Hundreds sue over prolonged detention
Hundreds of immigration detainees in New Mexico filed petitions challenging prolonged detention without bond hearings, spotlighting a widening backlog and renewed litigation on mandatory detention and bond access. (santafenewmexican.com)
Federal habeas dockets in the U.S. District Court for the District of New Mexico list 679 total habeas cases with 601 active cases as tracked online, reflecting the surge of immigration-related petitions in the district. (habeasdockets.org ) U.S. District Judge Kea W. Riggs granted habeas relief in Gao v. Baca (No. 2:26‑cv‑00472), ordering respondents to provide an individualized bond hearing within seven days for a petitioner held at the Otero County Processing Center. (justia.com ) Those New Mexico opinions repeatedly reference the Board of Immigration Appeals decision Matter of Yajure Hurtado (Sept. 5, 2025) and cite Munoz Teran v.
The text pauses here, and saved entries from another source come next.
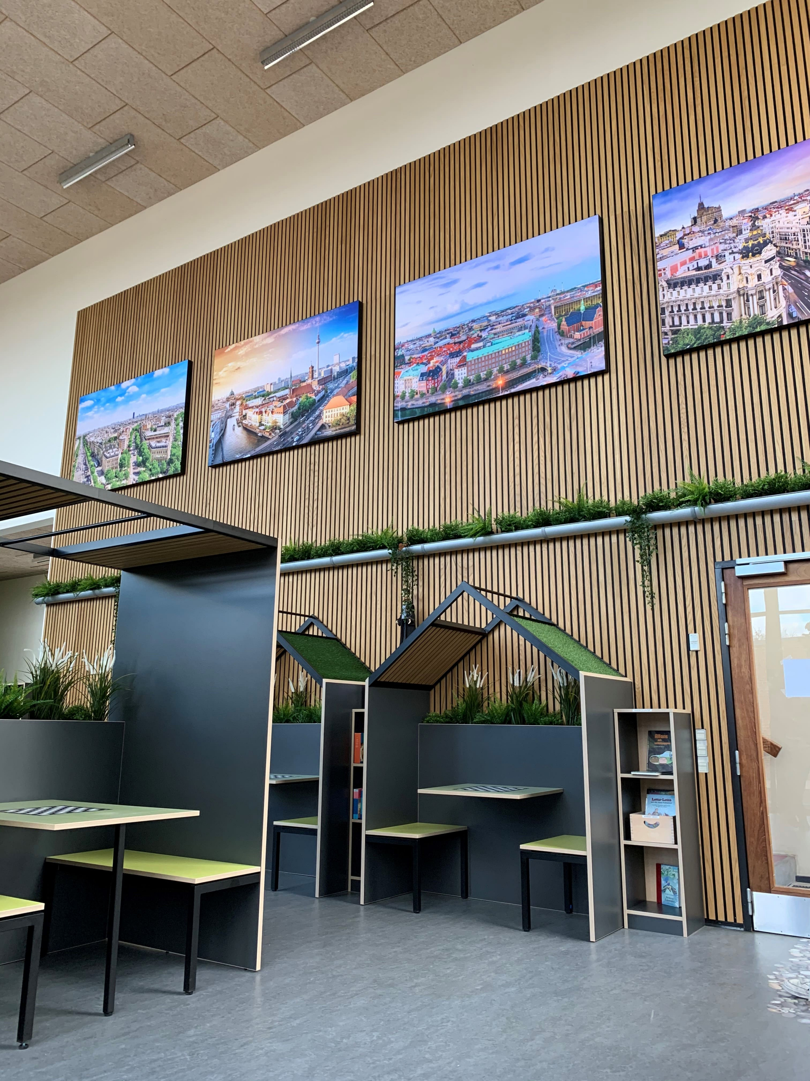 In der Utterslev-Schule in Kopenhagen kommen viele Menschen in großen Räumen zusammen, was die Akustik sowohl für Kinder als auch für Erwachsene beeinträchtigen kann. Mit Wandpaneelen von I-Wood Denmark® wurde die Akustik verbessert und gleichzeitig die Ästhetik aufgewertet, sodass die Kinder nun in einem schönen und angenehmen Umfeld lernen. Angeregt durch die Stadt wurden im Gebäude verschiedene Bereiche unter anderem mit kleinen Häusern geschaffen. Dieses Projekt wurde in Zusammenarbeit mit Ultima K abgewickelt.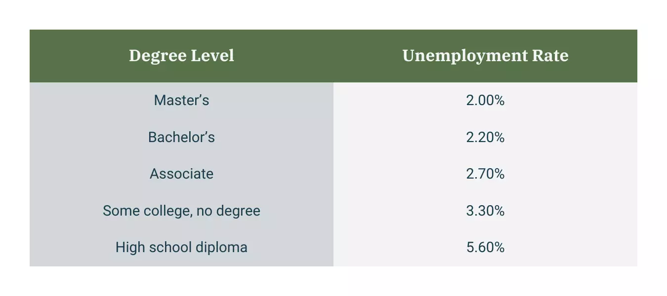 While there's no guarantee that anyone is safe in their current role, furthering skills and knowledge helps someone establish their credibility and expertise – therefore improving their value to the organization. This earns greater job security in the process. Just think about the unemployment rate chart above. There's a reason why graduate degree holders experienced the least amount of unemployment.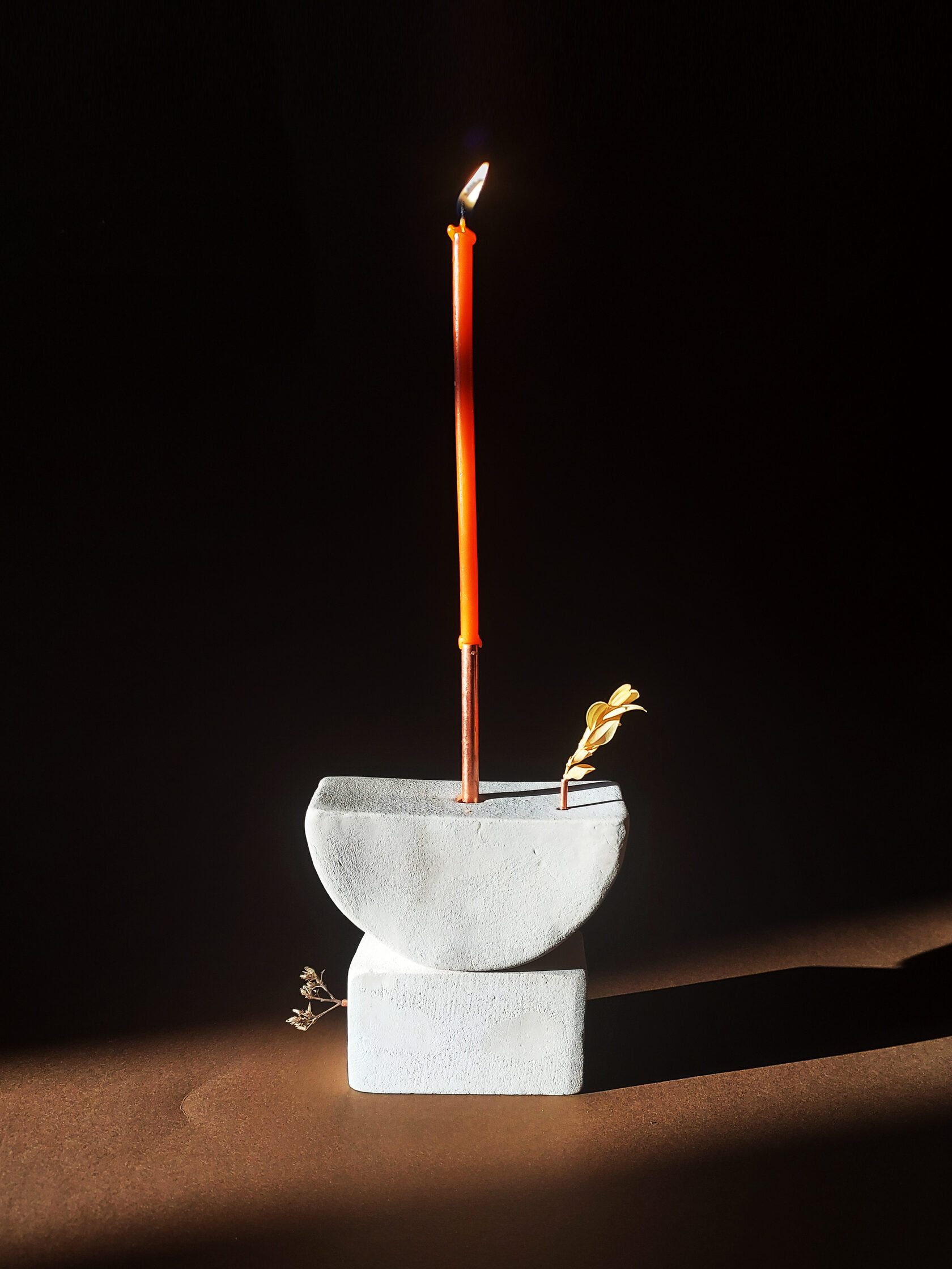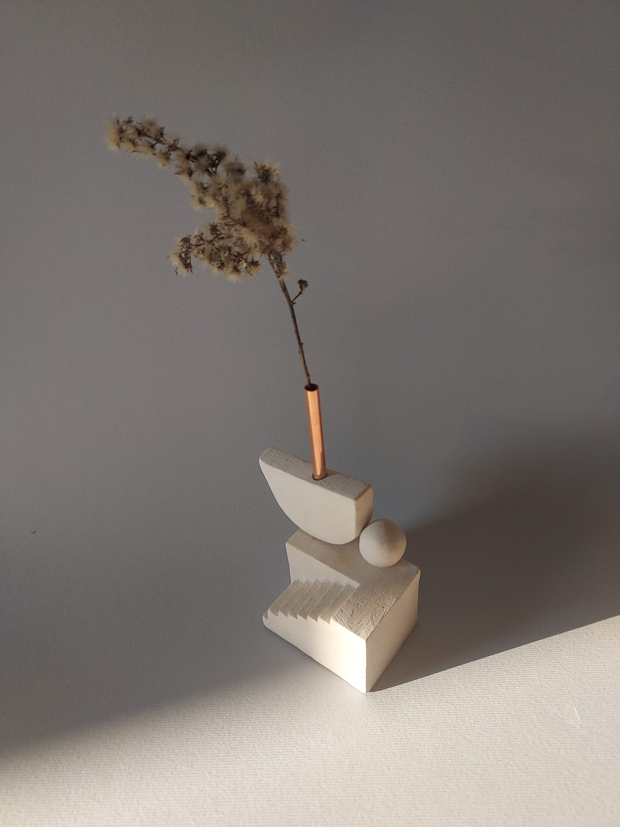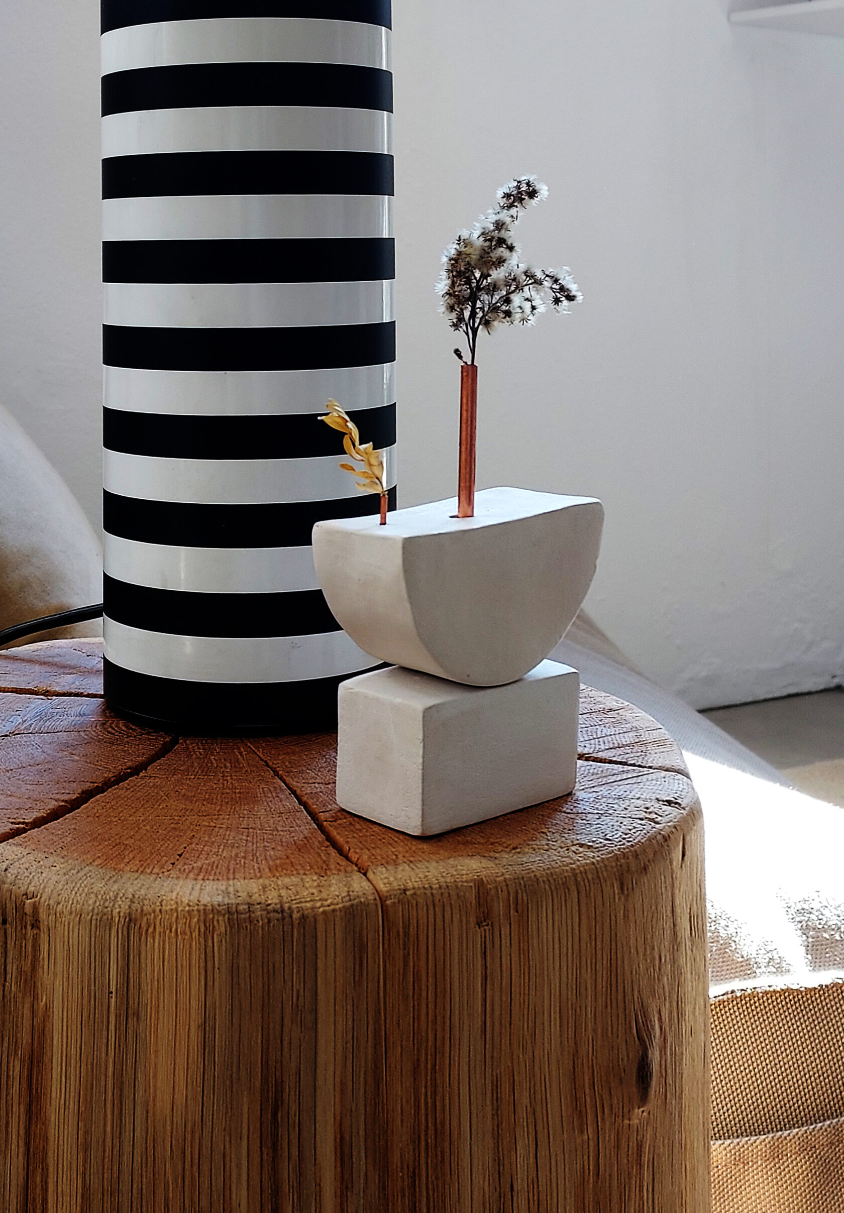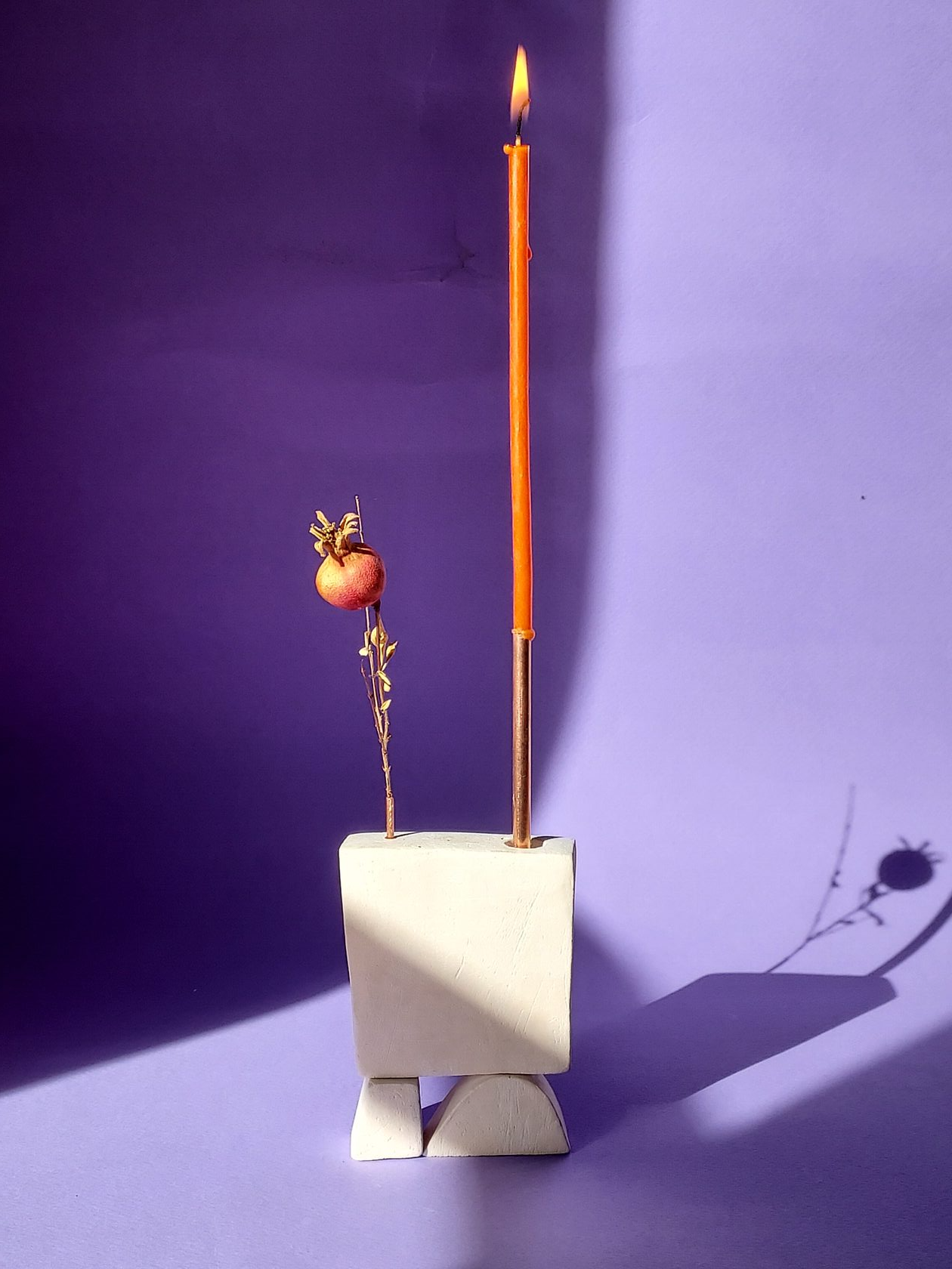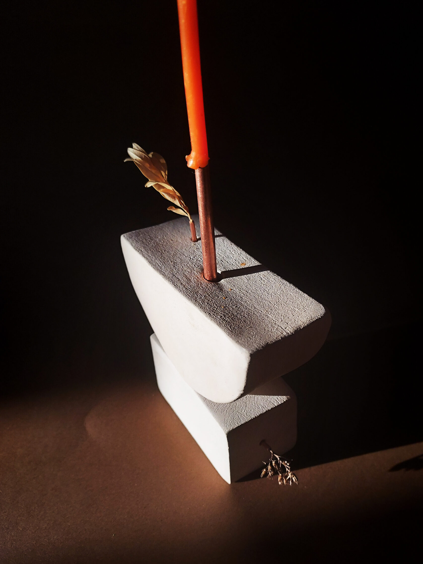 The sculpture is made of two shapes, balancing one on another, and completed with a brass tube for a candle or a dried flower.

Bondi (D.N.M. Jan. 21, 2026) in disputes over the reach of mandatory detention under 8 U.S.C. §1225(b). (justia.com justia.com ) Reporting from the Albuquerque Journal documents individual litigation trends on the ground, noting detainees such as Sergei Izbitski—picked up June 9 and transported to the Torrance County Detention Facility—among "more than 100" people arrested and held in New Mexico who have filed petitions. (abqjournal.com ) Local advocacy reporting shows New Mexico’s habeas filings jumped from one recorded claim in 2024 to 104 petitions in 2025, mirroring a national rise—immigrant habeas petitions increased roughly twentyfold to more than 9,200 nationwide—creating the backlog now clogging D.N.M. dockets. (nmindepth.com propublica.org ) A coalition of civil‑rights groups submitted an urgent complaint to the Department of Homeland Security after ICE’s March enforcement actions in New Mexico that arrested 48 residents, a development advocates say exacerbates notice, counsel access, and due‑process concerns central to the wave of habeas litigation. (aclu-nm.org )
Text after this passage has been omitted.